Saved data entries:
_____

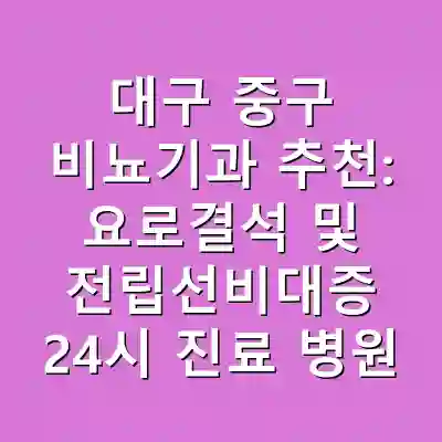 A: 대구 중구에는 24시간 진료가 가능한 비뇨기과가 있으며, 요로결석에 대한 전문적인 치료를 제공합니다. 야간 진료가 가능한 병원을 미리 알아두는 것이 중요합니다.
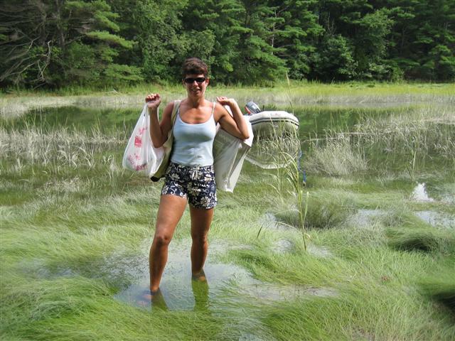 to the boat in ankle deep water where there had been
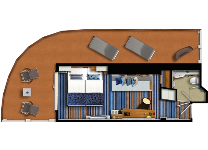 | VEPO - Kajuta s terasou Premium 17 m² + balkón 30 m² s 2 kreslami, 2 ležadlami a hojdacou sieťou. 7-11. paluba. Max 3 osoby. | 8 602 € 8 602 € za osobu |
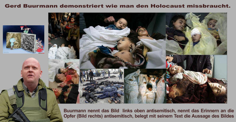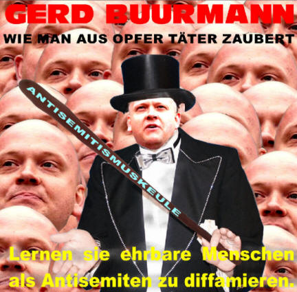 Um es einmal kurzgefasst klarzustellen. Es geht meinerseits bei dieser Dokumentation des Treibens dieses Gerd Buurmann nicht um die Auseinandersetzung Kritiker gegen Juden, gegen Israel. Ich denke, jemand der (mit sehr vielen ehrenwerten Juden und Israelis zusammen) Vergehen Vergehen nennt ist ein besserer Freund Israels als der, der jedes Verbrechen verschleiert und deckt. Er ist nicht nur Mitwisser sondern auch Mittäter.
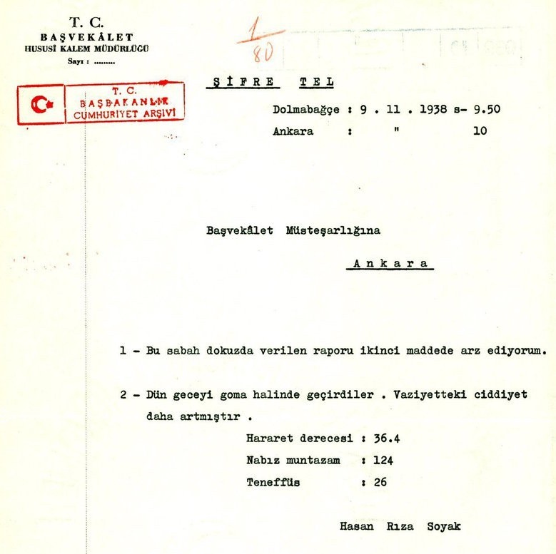 10 Kasım saat 9.05’te gerçekleşen vefat olayı sekiz hekimin imzasını taşıyan detaylı bir raporla saptanır.

_____

Your objective: Your answer is an exact copy of the records above, stripped of pictures.

Exercise output:
 A: 대구 중구에는 24시간 진료가 가능한 비뇨기과가 있으며, 요로결석에 대한 전문적인 치료를 제공합니다. 야간 진료가 가능한 병원을 미리 알아두는 것이 중요합니다.
 to the boat in ankle deep water where there had been
 | VEPO - Kajuta s terasou Premium 17 m² + balkón 30 m² s 2 kreslami, 2 ležadlami a hojdacou sieťou. 7-11. paluba. Max 3 osoby. | 8 602 € 8 602 € za osobu |
 Um es einmal kurzgefasst klarzustellen. Es geht meinerseits bei dieser Dokumentation des Treibens dieses Gerd Buurmann nicht um die Auseinandersetzung Kritiker gegen Juden, gegen Israel. Ich denke, jemand der (mit sehr vielen ehrenwerten Juden und Israelis zusammen) Vergehen Vergehen nennt ist ein besserer Freund Israels als der, der jedes Verbrechen verschleiert und deckt. Er ist nicht nur Mitwisser sondern auch Mittäter.
 10 Kasım saat 9.05’te gerçekleşen vefat olayı sekiz hekimin imzasını taşıyan detaylı bir raporla saptanır.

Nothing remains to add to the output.